Das Hilfswerk der evangelischen Kirchen Schweiz (HEKS) zieht sich in den nächsten Jahren aus sechs von 21 Ländern zurück. Bis Ende 2014 soll bereits der Ausstieg aus Südafrika, Eritrea und Guatemala vollzogen sein.
Im laufenden Jahr will das Hilfswerk entscheiden, aus welchen weiteren drei Ländern es sich ebenfalls zurückzieht. Als Grund für den Rückzug nennt das Heks in seinem Newsletter die Finanzen: Pro Schwerpunktland müsse etwa eine Million Franken eingesetzt werden. Dies sei im Moment leider nicht in allen Schwerpunktländern der Fall. Das Ziel von einer Million Franken könne nur durch eine Reduktion der Anzahl Schwerpunktländer erreicht werden.

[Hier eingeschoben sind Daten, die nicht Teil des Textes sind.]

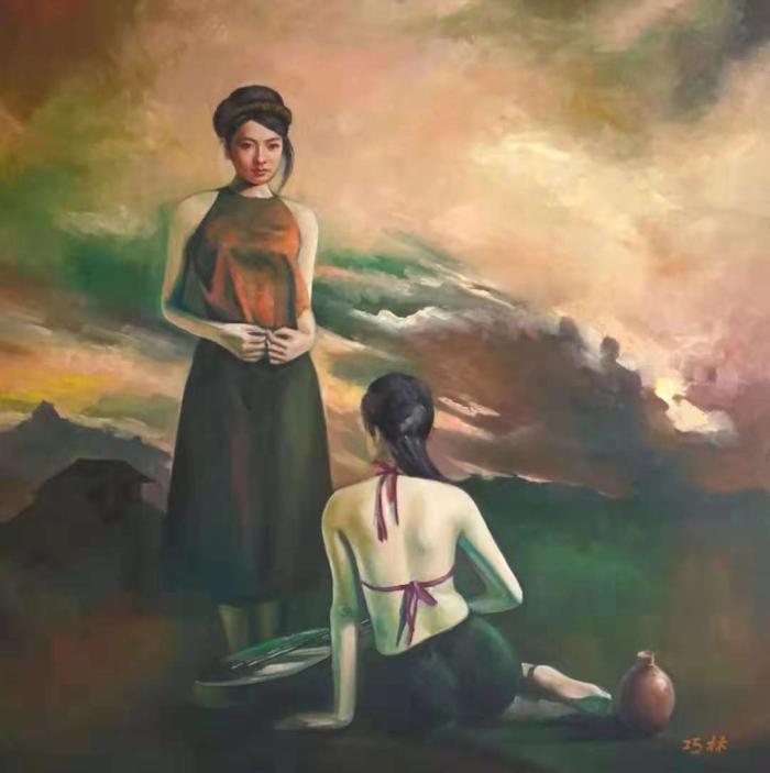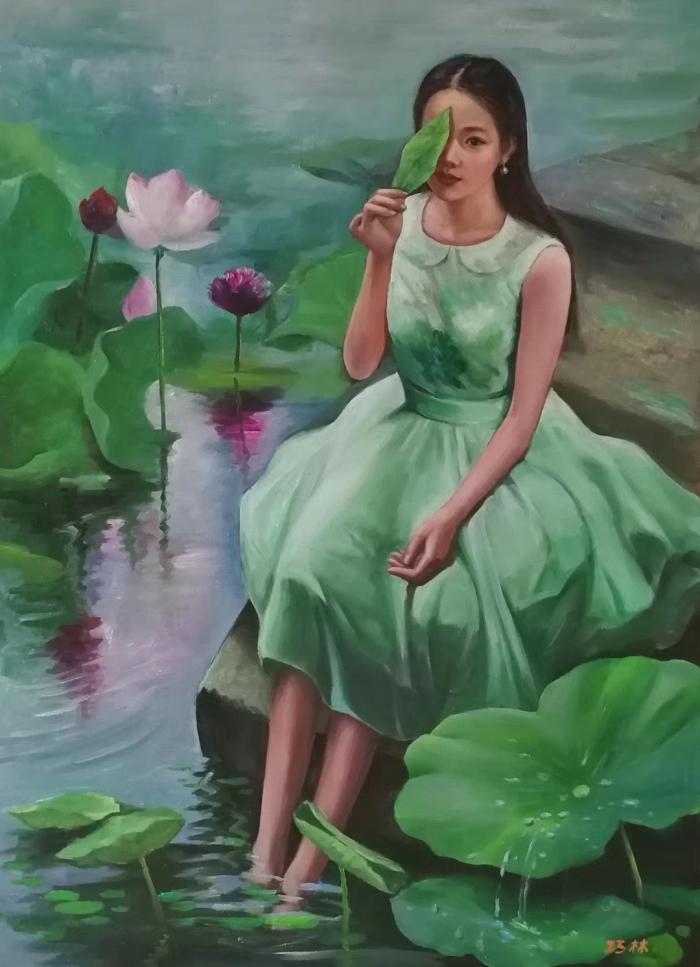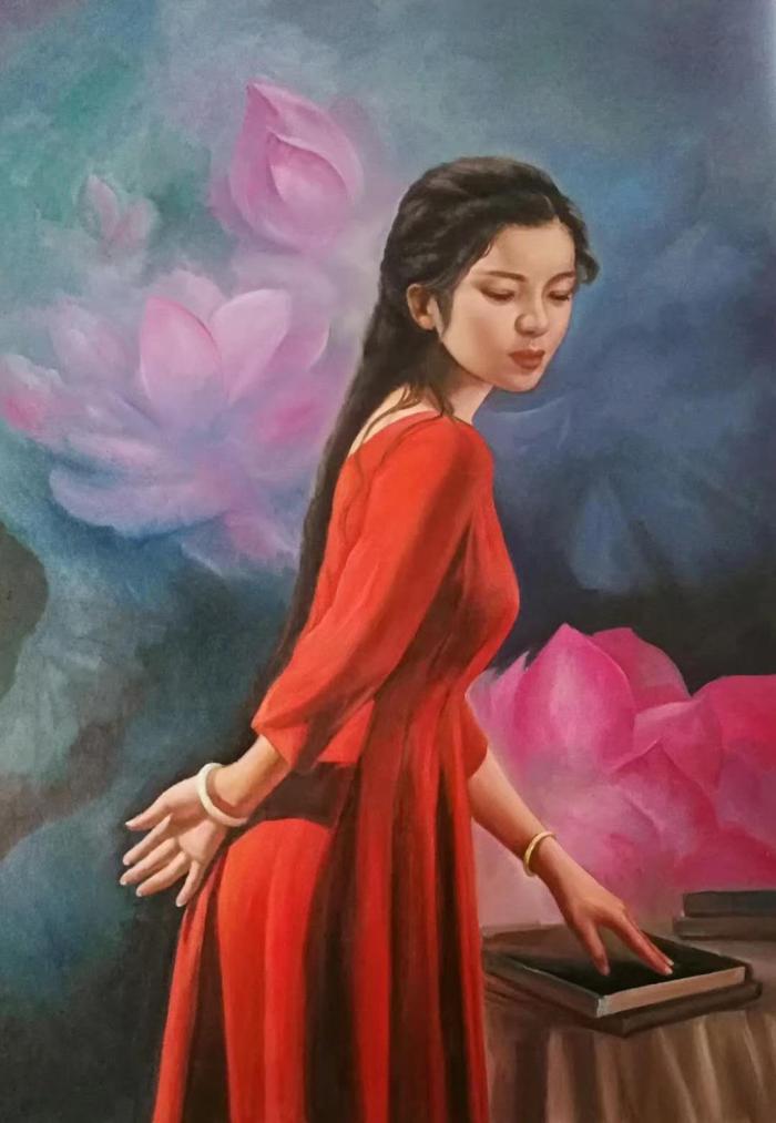 他的油画有超能般的写实水准,是经过古典主义历练而得到的娴熟技法,处理光影惟妙神奇,铺陈油彩纤尘不染,光与色的流丽感,如同被水洗过一般养眼滋润。用这种极致专业非常细腻的专业技法,创作人物作品,便可以生动传神!他油画里的女子,既有平凡的朴实感,也有仙域般的唯美感。

«So schwierig, undankbar und allenfalls gar schmerzlich die geplanten Schritte auch sein mögen, so notwendig und unumgänglich sind sie im Interesse einer gesunden Organisation, der Qualität der Projektarbeit sowie eines sorgfältigen und wirkungsvollen Einsatzes der HEKS anvertrauten Mittel», schreibt das Hilfswerk. Partnerorganisationen Zeit erhalten, Projekte abzuschliessen, allenfalls neue Geldgeber zu finden und für das Personal bestmögliche Lösungen zu suchen.
Geschmolzene Reserven
Das Hilfswerk hat seine Fondsbestände für die Entwicklungszusammenarbeit und die kirchliche Zusammenarbeit zwischen 2003 und 2010 von 23,3 Millionen auf 19,3 Millionen Franken abgebaut. Das aber bedeute, dass in diesen Jahren trotz höheren Erträgen deutlich mehr ausgegeben als eingenommen wurde. Als Folge davon hätten sich die zweckgebundenen Reserven um 4 Millionen Franken verringert.
Das HEKS hat sich in den letzten Jahren thematisch auf die beiden Schwerpunkte «Entwicklung ländlicher Gemeinschaften» sowie «Friedensförderung und Konfliktbewältigung» konzentriert. Diese Konzentration sei notwendig, um den gestiegenen fachlichen Ansprüchen zu genügen, die nicht zuletzt von den institutionellen Geldgebern gestellt würden. Zu den wichtigsten Geldgebern gehört die eidgenössische Direktion für Entwicklung und Zusammenarbeit (Deza).